Фонд – давно уже часть моей жизни, даже если я занимаюсь там в основном стратегическими задачами, а не сама езжу по больницам. Хотя я езжу. Но когда мне не хочется вставать по утрам и вся моя жизнь кажется какой-то сумрачной утренней пустыней, я вспоминаю про этих детей – и все мои проблемы исчезают, то есть вообще, то есть совсем.

– А что, у вас бывают состояния, когда не хочется вставать по утрам?

– А у вас?

– Очень редко.

– А для меня это, говоря словами Успенского, «естественное состояние человечества». И чтобы не рассказывать о том, почему я занимаюсь фондом – многие же все равно не поверят, – давайте примем такой мотив: это мой способ бороться со своими проблемами.

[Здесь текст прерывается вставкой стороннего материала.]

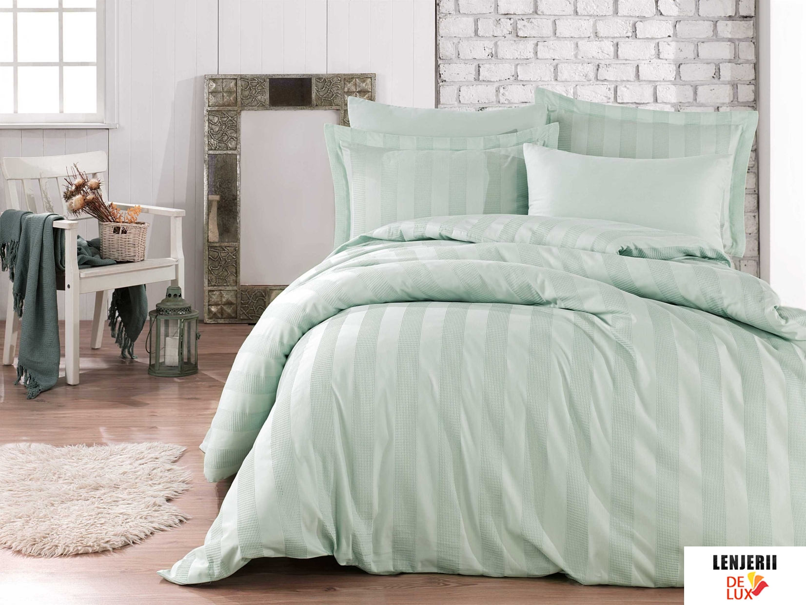 Prezentare Lenjerie de pat verde din bumbac satinat Hobby 6 piese Wafel

– Чулпан, не могу об этом не спросить: многие волонтеры начинают крайне высокомерно относиться к людям. К тем, кто этим не занимается. [очень актуально и для волонтеров-зоозащитников! - Е.К.]

– И даже к тем, кто занимается. К молодым. Мы стараемся это вовремя отслеживать. Но это нормальная профдеформация – вы же не будете о профессии судить по деформациям?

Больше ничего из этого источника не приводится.